In February of 2009, Richard Ottum, a 24-year-old US Army E-4 Specialist on leave, was involved in a serious automobile accident resulting in multiple injuries, including a traumatic brain injury (TBI). Richard spent several weeks in a coma following the accident, and, upon awakening found himself experiencing severe cognitive and physical deficits as a result of his TBI.
“My VA case manager helped me to get funding for rehabilitation with NeuroRestorative,” said Richard. Now 27, Richard has been a resident of NeuroRestorative Avalon Park, the only transitional living facility of its kind designed specifically to serve individuals with brain or spinal cord injury, for one year.
“When Richard first came to us he had some cognitive impairment with his attention, memory and ability to process information, as well as physical challenges such as weakness, and vision and hearing loss,” said Shannon Fimple, Program Case Manager for NeuroRestorative Avalon Park. “He has come a long way.”
At NeuroRestorative Avalon Park, Richard has been able to move along the continuum of post-acute rehabilitation and care options as he has progressed in his rehabilitation. He has now qualified for NeuroRestorative Avalon Park’s supported living program and is preparing to move into one of the program’s new apartments located just upstairs from the day and residential programs where he currently resides.

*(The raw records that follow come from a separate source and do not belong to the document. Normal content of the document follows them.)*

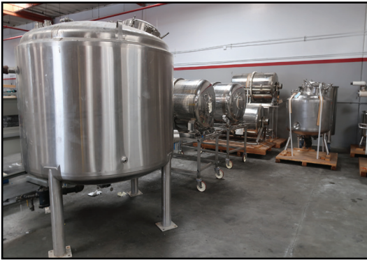
Storage and Transfer Tanks

PRESORTED First-Class Mail U.S. Postage PAID STA CLARITA, CA Permit No. 298
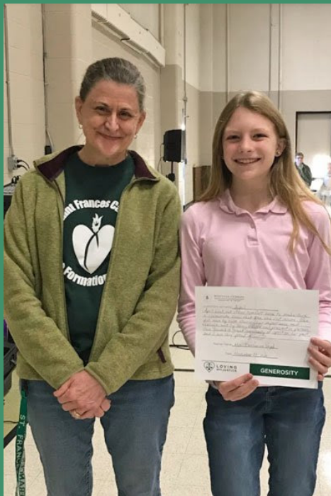
6th Grade - April
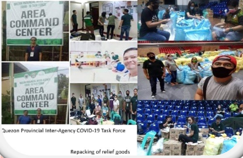
Quezon Provincial Inter-Agency COVID-19 Task Force

“The good thing about NeuroRestorative is that I get the right mixture of freedom and support,” says Richard. “I am always going into the Avalon Park community to run errands, go grocery shopping, whatever, and my therapists are there to help me if I need them.”
When Richard moves into his new apartment, he will have his own private kitchen, laundry and living space. And he will continue to have access to the day treatment programs downstairs for his medical and therapy needs such as occupational, physical and speech therapy. He’ll also be able to continue to socialize with the other participants at NeuroRestorative Avalon Park, some of whom are fellow Veterans.
“Because everyone else here also has a brain injury and we’ve had similar experiences, we are able to relate to one another,” said Richard. “Some have been in the service so we can identify with each other and talk about our time in the military. I think the new apartment will give me even more independence and I am really looking forward to that.”